Kjer-Nielson et al. (21) showed that riboflavin derivatives secreted by Salmonella including, 6-hydroxymethyl-8-d-ribityllumazine (rRL-6-CH2OH), 7-hydroxy-6-methyl-8-d-ribityllumazine (RL-6-Me-7-OH) and 6,7-dimethyl-8-d-ribityllumazine (RL-6,7-diMe) bind MR1 and activate T cells expressing the canonical MAIT cell TCR. Although all three molecules bound MR1 and activated MAIT cells, rRL-6-CH2OH was found to be the most potent suggesting the potential for multiple MAIT cell ligands. The same study showed that 6-formyl pterin (6-FP), derived from vitamin B9 or folic acid, also bound to MR1, but was unable to activate MAIT cells. The diversity of TCR usage described above in conjunction with the ability of MR1 to bind small molecule ligands suggests the possibility that additional ligands and antigens remain to be found.
In support of the hypothesis that MAIT cells recognized riboflavin metabolites, microbes proven to activate MAIT cells, including Mtb, have the genes required for riboflavin biosynthesis. In contrast, bacteria that are non-stimulatory to MAIT cells, such as Listeria monocytogenes and Enterococcus faecalis, lack this pathway (19, 20). More recently, Corbett et al. (59) showed that molecules in the riboflavin biosynthesis pathway directly upstream of RL-6,7-diME, namely 5-amino-6-D-ribitylaminouracil (5-A-RU), are necessary for the generation of MAIT cell antigens. Their data suggest that 5-A-RU can react spontaneously with other organic small molecules to produce new and distinct compounds that can bind MR1 and activate MAIT cells. These molecules, termed ‘neo-antigens’, include 5-(2-oxoethylideneamino)-6-D-ribitylaminouracil (5-OE-RU) and 5-(2-oxopropylideneamino)-6-D-ribitylaminouracil (5-OP-RU). These data suggest that in addition to previously defined riboflavin intermediates, molecules that are byproducts of the pathway may represent new antigens for MAIT cells. This is intriguing, as the riboflavin pathway and physiological byproducts hypothetically differ between microbes suggesting there may be microbe-specific antigens. This would support new evidence of MAIT TCR heterogeneity (40, 45, 58) and particularly the potential for unique TCR repertoires of MAIT cells that are specific to different microbial classes in human peripheral blood (44).

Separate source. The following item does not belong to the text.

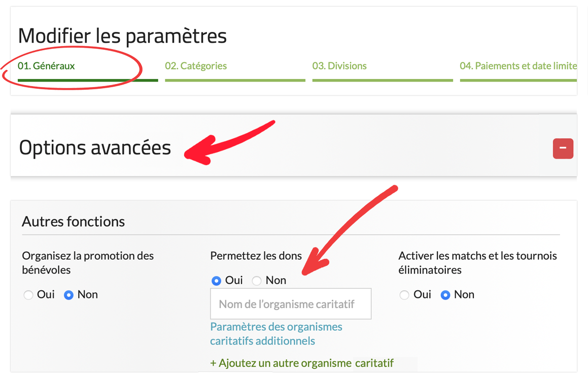 - Réglez l’option « Activer les dons » sur « Oui » et cliquez sur « Paramètres » pour poursuivre la configuration.
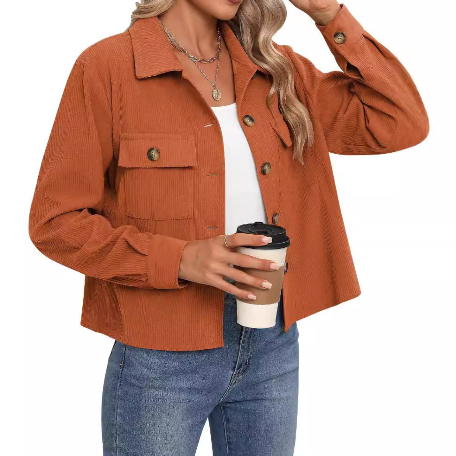 Cette surchemise en velours côtelé est la pièce idéale pour superposer vos tenues par temps doux. Sa coupe structurée et son col classique ajoutent une touche chic à n’importe quelle tenue. Parfaite pour un café ou une sortie en ville, elle allie style et confort sans effort.

MR1-dependent antigen processing and presentation
The processing and presentation of protein antigens in the context of HLA-Ia, which has been extensively characterized, allows for the presentation of peptide antigens derived from the cytosol or phagocytic compartments (63, 64). Cytosolic proteins are degraded into peptides via the proteasome, and peptides translocated via the transporter associated with antigen processing and presentation (TAP) to the endoplasmic reticulum (ER), where they are loaded into HLA-Ia molecules. This carefully choreographed process is termed antigen processing and is facilitated by HLA-Ia chaperones at each stage. In brief, classical HLA-Ia molecules are stabilized by calnexin prior to association with β2m and with calreticulin prior to loading with peptide. After the peptide-loading complex (TAP, tapasin, calreticulin, and ERp57) facilitates the loading of HLA-Ia binding peptides, these loaded molecules then translocate to the cell surface.
While it is believed that all cytosolic proteins can gain access to the HLA-Ia processing pathway, those present in phagocytic and endosomal compartments can also be loaded onto HLA-Ia. Given the relatively low abundance of these proteins, it has been postulated that specialized mechanisms have been developed to sample particulate-associated proteins, such as those derived from Mtb that resides in a phagosome. Here, there is evidence to support direct sampling of the phagosomal environment, as well as sampling of proteins that are secreted into the cytosolic environment (63, 64).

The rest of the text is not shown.